Taking a pragmatic approach, Finance Minister Nirmala Sitharaman brought forward her first budget announcement, highlighting the Government’s approach to lead India’s economy to a $5 trillion target. The primary focus of the budget was to boost infrastructure and foreign investment at a time when the economy is showing signs of slowdown. It is important for us to know that Indian economy was at approx. $1.85 trillion in 2014 and within 5 years, it has reached $2.7 trillion. Therefore, the possibility of becoming the 5th largest economy in the world is there. However, substantial support to manufacturing industry and promising sectors is needed for such a feat to become reality.

In Path to Positive Impact

The final budget for 2019 brought forward a guideline for growth.

  • Promised to aid in promoting agriculture through innovative zero Budget farming.
  • ASPIRE scheme to develop 75,000 skilled entrepreneurs in agro-rural industries.
  • Railway receiving an investment of Rs 50 lakh crore between 2018 and 2030.
  • Lowering GST rate on electric vehicles to 5% from 12%.
  • Announcing additional income tax deduction of ₹1.5 lakh on interest on loans taken to purchase electric vehicles.

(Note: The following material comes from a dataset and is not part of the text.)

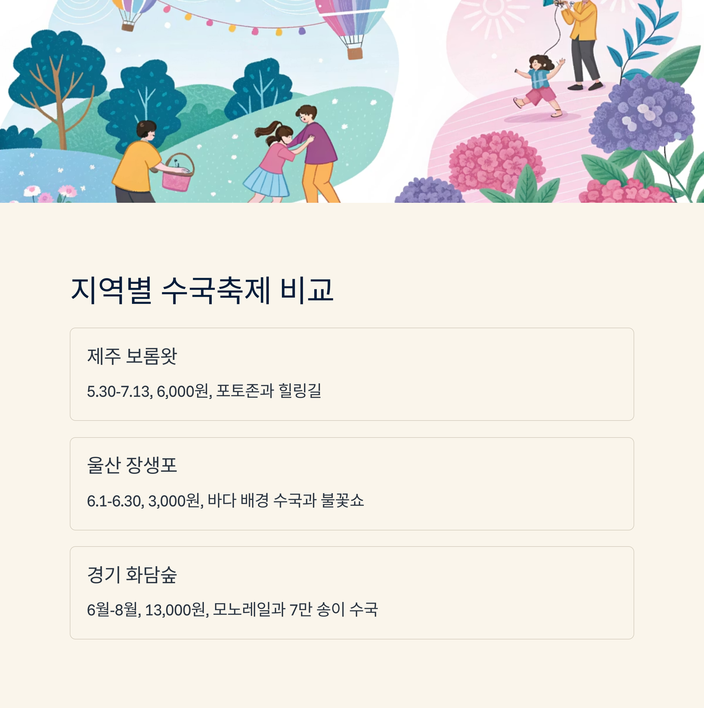 이 글에서는 지역별 수국축제 비교, 추천 일정, 교통편,
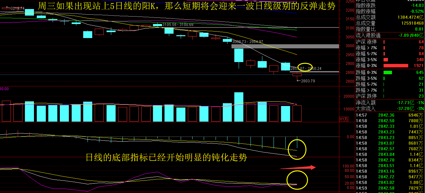 中兴通讯在8连跌停板后,今日终于“稳住了”,这也是导致盘面上科技股反弹的一个主因,毕竟因为太多利空因素导致多数个股2周左右下跌了30%+,这里出现超跌反弹也不足为奇,上证50的持续下跌是目前大盘无法企稳的主要因素,前期护盘的钢铁、水泥等周期股也出现了补跌的走势,暂时来看这里依然还是一个探底的过程,今日在2803.79点走出了一根十字星,那么周三的走势显得尤为重要,如果向上势必出现站上5日线的短期止跌迹象,如果继续向下那这里仍然还有一段跌幅,而这一切的关键因素,还是要看蓝筹股是否能止跌了,毕竟创业板都开始反弹了,指数继续向下就确实有点让人无语了。

And to support the manufacturing sector, which should be the backbone of a country, the budget brought forward a scheme to encourage global companies (through competitive bidding process) to set up mega-manufacturing plants in renewable energy sector. In a nutshell, it sure looks like that the new budget covered major requirements, and the Government’s effort should be appreciated for setting the stage for future development. But we need to highlight that more effort is needed to support growing Indian economy.

More Support Needed

Although growth is in sight, more focus on manufacturing and prioritization of promising areas are needed to unleash country’s full potential. Currently, Indian manufacturing industry has only 16-17% share in India’s GDP. Developed countries like China, the US and emerging economies South Korea, Thailand have focused on scaling manufacturing capacities as it is clear how focusing on manufacturing industries can support sustainable economic growth.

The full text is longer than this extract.